Naturellement, le tonneau étant un élément transpiré, le rhum subira une évaporation, qui sera influencée par des paramÚtres tels que la température moyenne et l'excursion thermique entre le jour et la nuit, le taux d'humidité et la pression atmosphérique. La circulation de l'air a par contre son influence car l'évaporation du rhum sera moins importante si la cave est mal ventilée. Vous pouvez en apprendre davantage sur les effets de l'environnement d'un point de vue qualitatif et quantitatif ici à quel point il est différent de vieillir un rhum en Europe par rapport aux Caraïbes.

Rhum noir o?

Dans les colonies françaises, rhums destinĂ©s au vieillissement ils Ă©taient principalement logĂ© dans de vieux fĂ»ts de cognac. Le rhum, considĂ©rĂ© Ă  l'origine comme moins prĂ©cieux que le cognac, utilisaient des fĂ»ts dĂ©jĂ  utilisĂ©s pour le cĂ©lĂšbre distillat français, puisque la discipline de production de cognac ne permettait qu'une seule utilisation des fĂ»ts. Donc par tradition ou par Ă©conomie et compte tenu des excellents rĂ©sultats des premiĂšres expĂ©riences, le vieillissement du rhum français dĂšs le dĂ©but, il a eu lieu dans des fĂ»ts de chĂȘne usagĂ©s.

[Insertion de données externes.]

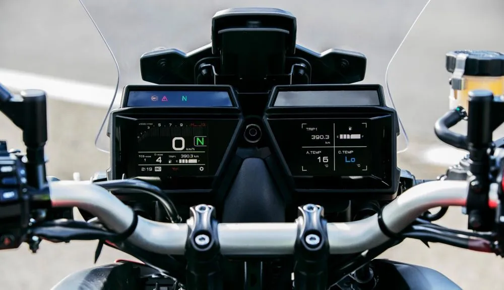 A instrumentação é dividida em dois paineis TFT multifuncionais de 3,5 polegadas. Na tela esquerda há o contagiros com barra multicolorida, velocímetro digital, medidor de combustível, posição de marcha e indicador de modo TCS. A tela direita é dividida em quatro seções separadas, mostrando uma gama de informações como hodômetros total e parciais, temperatura, hora, etc.

On se demande si l'arÎme du cognac influence en quelque sorte celui du rhum: la réponse est qu'aucun rhum n'aura un soupçon de cognac, puisque l'alcool résiduel à l'intérieur s'évaporera pendant le transport et les traces qui imprÚgnent à nouveau les douelles seront les premiÚres à s'évaporer. Nous rappelons ici qu'un vieux rhum français (agricole ou non) doit rester en fût pendant au moins trois ans, ce qui exclut tout souvenir aromatique de l'esprit précédent, c'est-à-dire du cognac.


Rhum o Bourbon?

L'origine de l'utilisation des fĂ»ts de bourbon pour vieillissement du rhum doit ĂȘtre recherchĂ©e Ă  l'Ăšre de la prohibition aux États-Unis. En fait, de 1920 Ă  1933 avec le 18e amendement, toutes les boissons alcoolisĂ©es ont Ă©tĂ© interdites, y compris le bourbon, dont les producteurs se sont retrouvĂ©s avec une Ă©norme quantitĂ© de fĂ»ts inutilisables. Un avantage pour les premiers distillateurs qui ont eu la belle idĂ©e de faire vieillir leur rhum dans le pays d'origine (dĂ©but XXe siĂšcle), comme les pionniers Jacques Bally, Depaz, Saint-James et ClĂ©ment.


MĂȘme aprĂšs la fin de la Prohibition cette source d'approvisionnement en barriques d'une capacitĂ© comprise entre 180 et 250 l est restĂ©e: la distance et les coĂ»ts liĂ©s au transport sont rĂ©duits, la complĂ©mentaritĂ© de l'utilisation des barriques assure une revalorisation du chĂȘne amĂ©ricain (premier producteur mondial de chĂȘne) sans dĂ©pendre des coĂ»ts Ă©levĂ©s d'importation de fĂ»ts français (deuxiĂšme producteur mondial de fĂ»ts de chĂȘne et 1er de fĂ»ts).